# Alternative mixer to a stick blender



## itunu (Dec 29, 2013)

Today, instead of using a stick blender to mix lotion, I tested another mixing device - a model boat/ship propellor with shaft attached to a drill. 

Here it is in action - emulsification: http://www.youtube.com/watch?v=kZBG8fDl7KU&feature=youtu.be 

and in this vid (recorded slightly later) you can see the actual propellors - http://youtu.be/xolWq-perTE 

I think it worked well despite the drill being on slow (didn't realise how to turn it to fast until later)!


----------



## Arthur Dent (Dec 29, 2013)

I had thought about doing something like that before my wife bought me a nice new stick blender.  As long as the shaft and prop are made of non reactive metals it should be ok.  Shaft looks like stainless steel, and prop looks like brass?
Just be careful you don't lift the prop up too far while mixing.


----------



## itunu (Dec 29, 2013)

Yes that what exactly my thought - how reactive? I checked it out with a cosmetic chemist who said brass is fine and yes the rest is stainless steel.

The mixer is much more powerful than my stick blender.  I tend to make very thick body butter type lotions (not like the one in the video which is v thin) which my stick blender can't even move so am pleased I found a cheap alternative which is powerful enough to actually move the lotion around.


----------



## TVivian (Dec 29, 2013)

Ahhhh!!!  Put some gloves on!!!


----------



## TVivian (Dec 29, 2013)

Oh it's lotion!!!! I thought it was soap!

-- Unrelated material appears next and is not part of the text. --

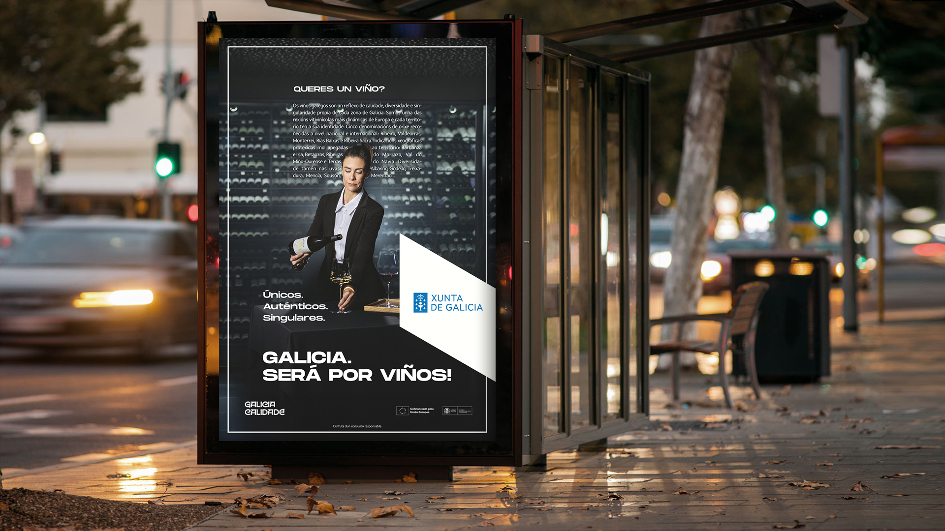 La estrategia no busca la hipérbole, sino la constatación: Galicia es mucho más que Albariño. La comunidad suma cinco denominaciones de origen y una amplia variedad de uvas y elaboraciones: Ribeiro, Valdeorras o Monterrei; mencía, brancellao, sousón o merenzao; blancos y tintos, jóvenes y con crianza, monovarietales y plurivarietales. Esa complejidad se transforma en idea creativa bajo un claim con retranca y tono cercano: ‘Será por viños!’, una expresión popular que apela a la abundancia y convierte la dificultad de elección en atributo.

Haha.. Carry on..


----------



## Dahila (Dec 29, 2013)

I thought is a soap too.  I use stick blender Kitchen aid, for all lotions and creams and it works fantastic.  I tend to mix it a few seconds then leave it alone for 5 minutes and I go back to mixing.  In time between mixing it cools down and it is easier to emulsify it .


----------



## itunu (Dec 29, 2013)

Yes, looks a bit like soap!!

I've not had issues with emulsifying my lotion but wanted to find a more powerful alternative.  I was considering a homogenizer but they are outrageously expensive.  Happy the propellors work.


----------



## CaraBou (Dec 29, 2013)

That's the coolest!  Gets closer to Emeril Lagassi's "boat motor blender" concept.  That always cracked me up!


----------